Interindividual differences in DNA methylation can be tissue- and cell type-specific. Nevertheless, there are now a number of reports of associations between the quality of childhood experience and the methylation status of the exon 1F nuclear receptor (NR)3C1 gene promoter in peripheral cells. Perroud et al127,128 used peripheral blood lymphocytes to show that childhood maltreatment associates with an increased level of exon 1F methylation and, importantly, that the methylation status of the promoter was closely correlated with both the frequency and severity of maltreatment.129 The offspring of mothers exposed to intimate partner violence also show an increased level of methylation of the exon 1F NR3C1 gene promoter in blood cells.130 Interestingly, Tyrka et al131 reported increased methylation of the exon 1F NR3C1 gene promoter in leukocytes that associated with disruption of normal parent-offspring interactions or maltreatment. In this study, and others132 childhood parental loss was associated with increased methylation of the exon 1F NR3C1 gene promoter (note ref 132 used salivary DNA, which is primarily of leukocyte origin). Taken together, these studies provide support for the association between the quality of childhood experience and methylation of the NR3C1 gene.

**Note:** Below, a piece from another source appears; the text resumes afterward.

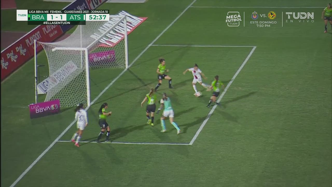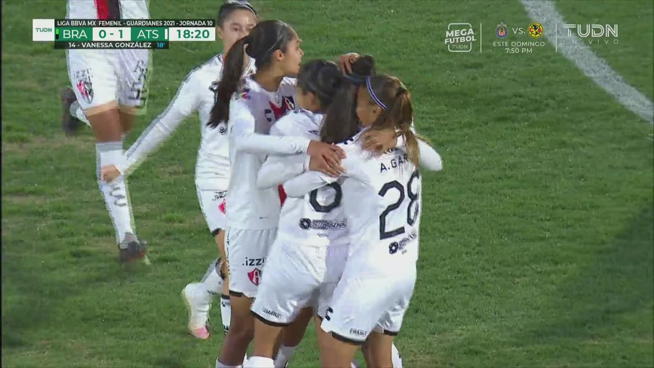 Vanessa González jaló el gatillo e hizo el 0-1 de Atlas al minuto 18; la atacante se animó y disparó completamente sola para poner la esférica en el ángulo.

Binder and colleagues133 provided a comprehensive description of allele-specific demethylation of the GR co-regulator FKBP5 in adults exposed to childhood trauma. This study demonstrated that polymorphisms in FKBP5 influence the position of the nucleosome, which when combined with childhood trauma (postulated to increase circulating Cortisol) resulted in an increased risk of post-traumatic stress disorder (PTSD). At the molecular level this interaction was associated with stable DNA demethylation, which in turn predicted increased FKBP5 expression. Since FKBP5 sequesters activated GR and prevents nuclear binding, the decreased FKBP5 methylation and increased FKBP5 expression associated with symptoms of glucocorticoid resistance.

Summary

The results of studies to date are consistent with a working hypothesis that positions epigenetic modifications of genes implicated in HPA function as a mediating process that links the quality of childhood experience to the risk for MDD. There are caveats that limit the degree to which this hypothesis might be applied across the population. Altered HPA activity is apparent only in a subset of MDD patients and it is not clear that this subset is defined by developmental history. It is clear that genotype moderates the impact of adverse childhood experience and of resulting epigenetic modifications (eg, ref 133). A genome-wide study of interindividual variation in DNA methylation showed that the vast majority of variably-methylated regions were best explained by a gene x environment interaction.134 Unfortunately, with only a few exceptions, preclinical studies have yet to establish models of gene x environment interactions. Likewise, preclinical studies have yet to widely capitalize on the finding that adverse childhood experience alters the response to antidepressant medications.15 This finding provides an obvious basis for studies of the mechanism by which developmental history might contribute to treatment resistance in MDD. Certainly one question of interest for the development of effective patient stratification is whether epigenetic marks associated with childhood adversity might identify individuals that are resistant to medications. We recently addressed this issue in PTSD patients and provide evidence suggesting that variation in the methylation of the exon 1F GR promoter associated with PTSD symptoms and predicted treatment outcome.135-137

One challenge for future research is that of integrating our knowledge of the importance of childhood experience into treatment models.